Hi,
My name is Jordi Delgado and this is my first message to this list. After reading the 'purple book', I've chosen Squeak to practice what I've learnt.
Following Guzdial's book and trying to solve exercise 8 of chapter 2 (chapter 2!!; what kind of 'introductory' book is this?), and making a long story short, I got to this piece of code:
| f | f := #('a' [Transcript show: 'An a was input']). f := (f copyFrom: 2 to: f size). (Compiler evaluate: f) class
Selecting and printing gives the following result: Squeak Image 2.5 --> BlockContext Squeak Image 3.9 --> Array
I've been playing with the method evaluate: (and variants) of the Compiler class in order to get some clue as to what is the reason of this behavior, but I guess I do not know enough Smalltalk to succeed.
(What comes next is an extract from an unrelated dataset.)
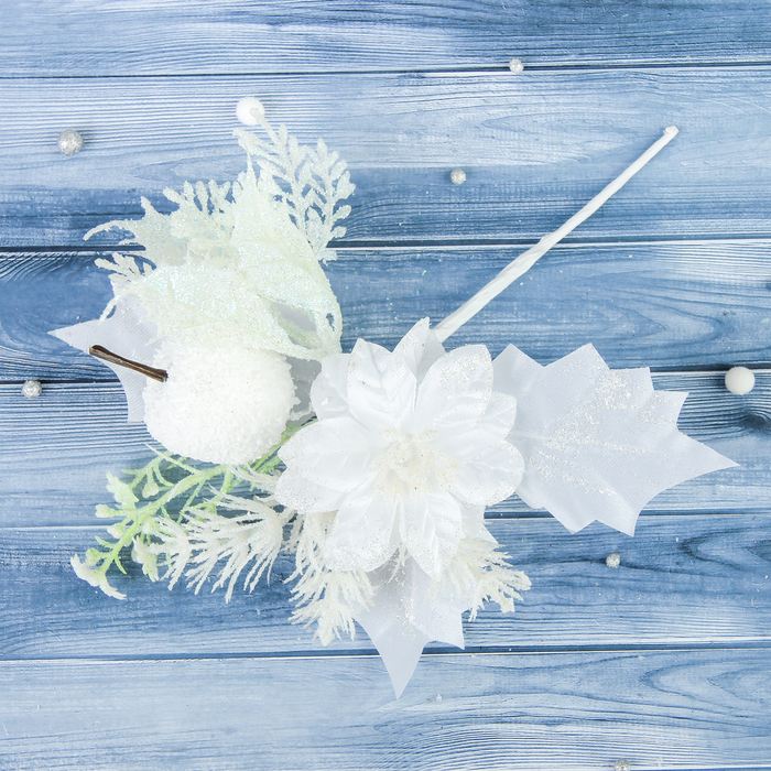 Еловая ветка декоративная «Зимнее волшебство. Грёзы», 15 см

Any help will be much appreciated.
Thanks in advance,
Bests,
Jordi
Hi!
Jordi Delgado jdelgado@lsi.upc.edu wrote:
I got to this piece of code:
| f | f := #('a' [Transcript show: 'An a was input']). f := (f copyFrom: 2 to: f size). (Compiler evaluate: f) class
Selecting and printing gives the following result: Squeak Image 2.5 --> BlockContext Squeak Image 3.9 --> Array
Well, I am surprised that 2.5 resulted in a BlockContext, AFAIK at least from 3.2 and onwards the expression:
#('a' [Transcript show: 'An a was input'])
results in:
#('a' #[ #Transcript #show: 'An a was input' #])
An array literal does not evaluate the different bits in it, it just assumes they are Strings or Symbols separated with spaces, even if they do not have the hashmark in front of them.
You can use the newer syntax with {} to get the Parser to actually evaluate the expressions, but then you need to separate using periods:
{'a'. [Transcript show: 'An a was input']}
Now... back to that code of yours, it is a serious mess. :)
| f | f := #('a' [Transcript show: 'An a was input']). "<- as we saw this produces an Array of Symbols in newer Squeaks" f := (f copyFrom: 2 to: f size). "<- this actually produces an Array, not a single element!" (Compiler evaluate: f) class "<- the Compiler is friendly and sends asString to its argument if it is not a String or a Stream. And sending asString to an Array gives its literal representation which we actually can evaluate - to an Array again :)."
So... I wonder what the 2.5 image does to end up with a BlockContext, don't have one handy. Perhaps it does some funny stuff if the argument to Compiler is an Array?
regards, Göran
PS. Select parts of your code and use alt-i or alt-I or simply debug it to follow it.